Gpt-4 vision few shot prompting with images

Can someone provide a complete code with libraries to demonstrate few shot prompting with images? Here’s the use case I’m focusing on. I want to prompt the model with a pair of reference and shelf image providing the description. So next when the user uploads new pairs of reference shelf images the model is able to generate similar descriptions.

1 Like

A single user message that includes a few images will look like:

user_message = [ { "role": "user", "content": [ { "type": "text", "text": "describe these two images", }, { "type": "image_url", "image_url": {"url": f"data:image/jpeg;base64,{base64_image1}", "detail": "low"} }, { "type": "image_url", "image_url": {"url": f"data:image/png;base64,{base64_image2}", "detail": "high"} } ] } ]

Past turns of conversation that have the user image input and the AI assistant answer can be exactly the same as first sent if you want the AI to continue seeing the contents of the images in past messages.

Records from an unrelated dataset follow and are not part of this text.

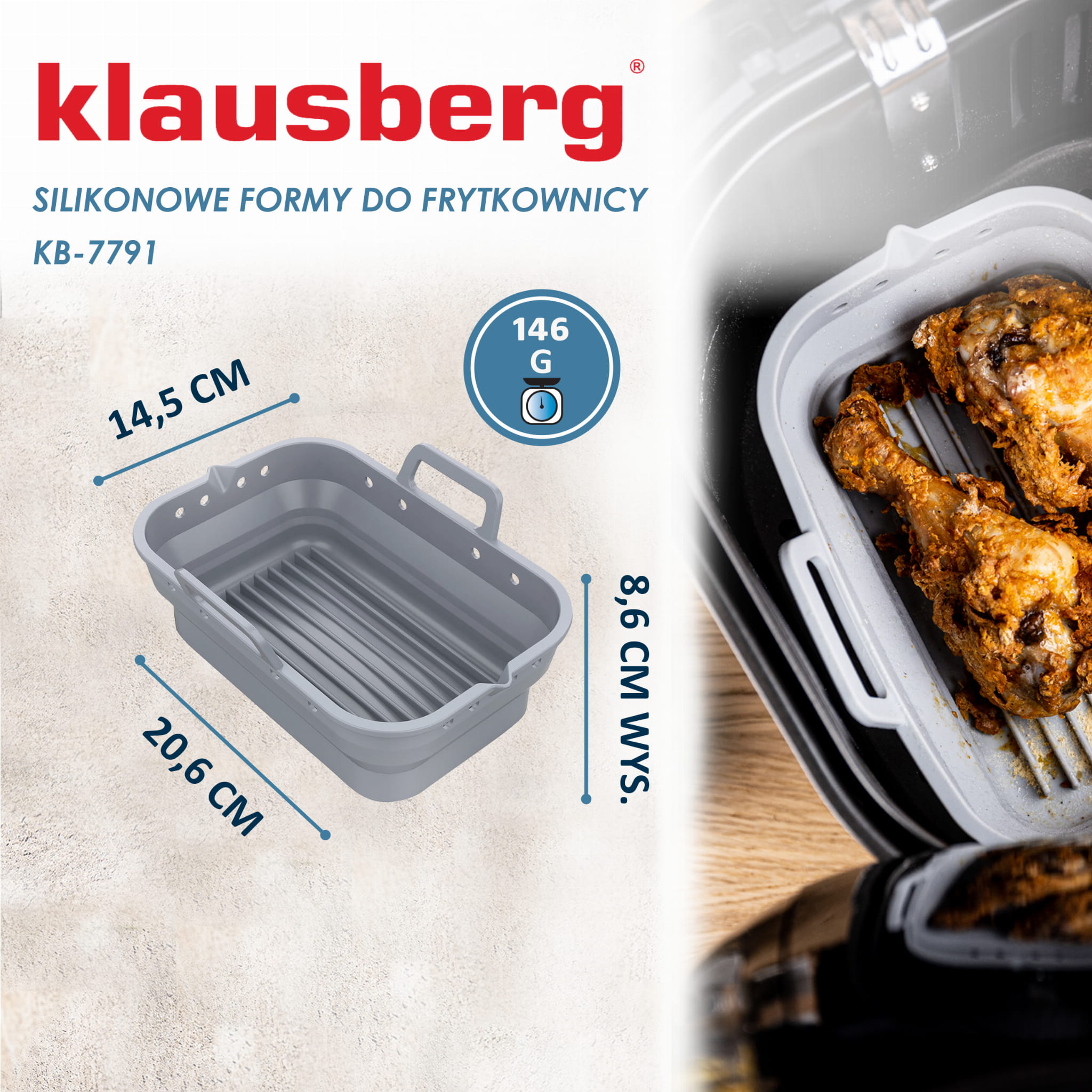 Zestaw wkładów silikonowych do frytkownicy beztłuszczowej 2 sztuki prostokątny 20.5x14.5cm składany KLAUSBERG KB-7791
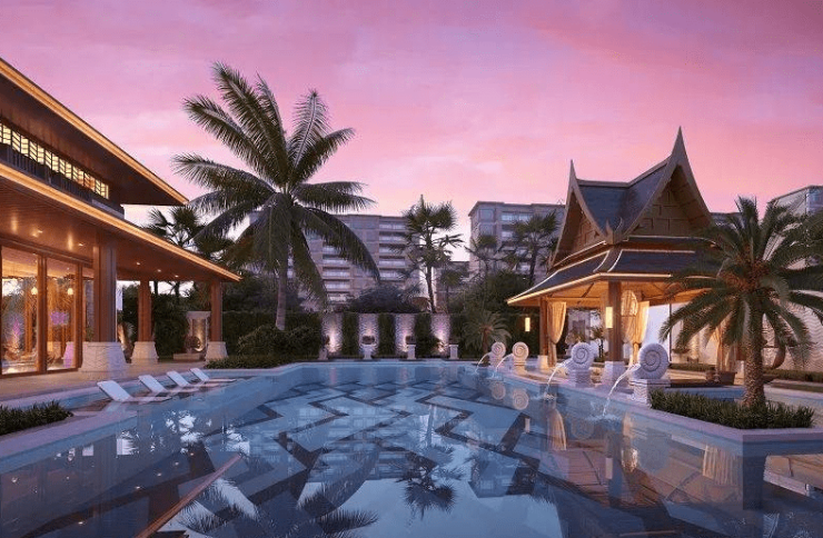 东南亚风情低密大盘、全域人车分流设,自带约2800m²铂金度假会所、约300m²户外镜面泳池、162-340㎡地上三层正统别墅、有花园有露台……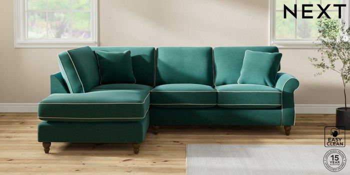 7.3.1 Buy Ashford Relaxed Sit Medium Corner Chaise - Left Hand Fine Chenille with Contrast Dark Juniper Green and Oyster Low Turned - Mid from the Next UK online shop Click here to use our accessible website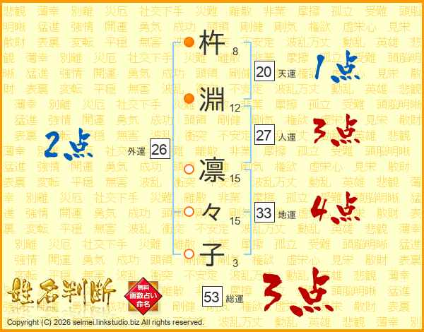 杵淵凛々子さんの外運は26画の2点!
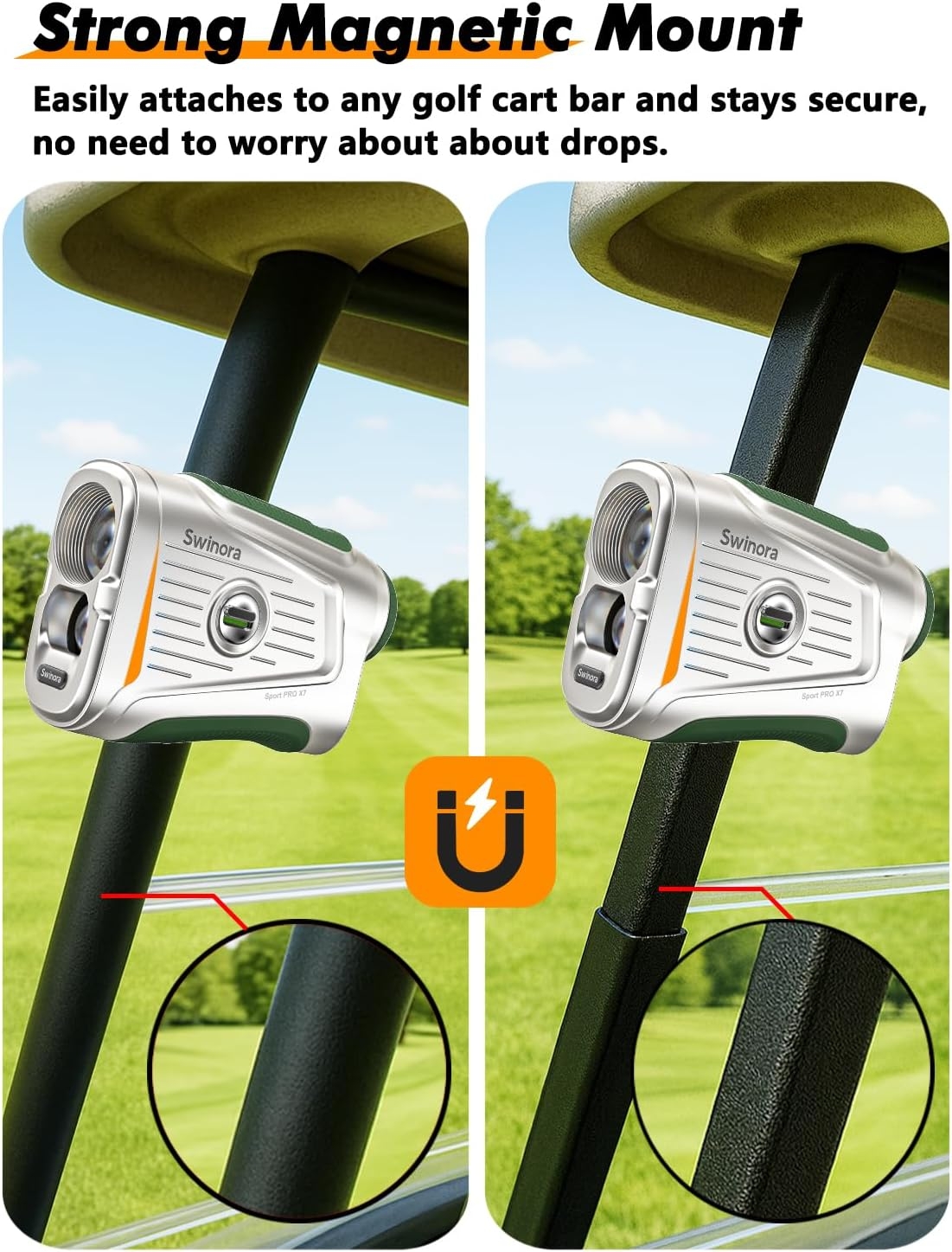 - Upgraded magnet mount: a reinforced magnetic strip securely attaches the rangefinder to your cart or clubs—even on bumpy paths. grab it with one hand, shoot, and reattach instantly. no straps, no clips, no hassle—just fast access every time.

Chat history can be the same preservation of information as you would send in a normal chat (at higher expense with images), or you can start to expire and remove the actual images from being sent again after a limited number of future turns.

The style of response the AI writes is unlikely to vary much if you are having it perform similar tasks again. It is only when the older image content is still important that you’d send them again, otherwise, old images would be a distraction.

2 Likes

But where you are labelling the image few shot means images and its output how we want

Multi-shot means training an AI on a pattern in the context you send, where it can learn the desired output.

Just the unseen prompts of “user” and “assistant” are one such pattern when you send by chat completions, and that break in the language to signify a different respondent is necessary when using a base AI.

A example set of training examples one might sent to the AI to show it the responses desired from messages that include training images:

user: safe? (picture of lion)
assistant: {“safety”: “unsafe”}
user: safe? (picture of baby)
assistant: {“safety”: “safe”}
user: safe? (picture of blowtorch)
assistant: {“safety”: “unsafe”}
user: safe? (picture of school glue)
assistant: {“safety”: “safe”}

By the previous conversation, in this case also using stock images, a new user input in the same format can evoke the same response and decision-making.

Chat models are now overtrained and can barely learn from context.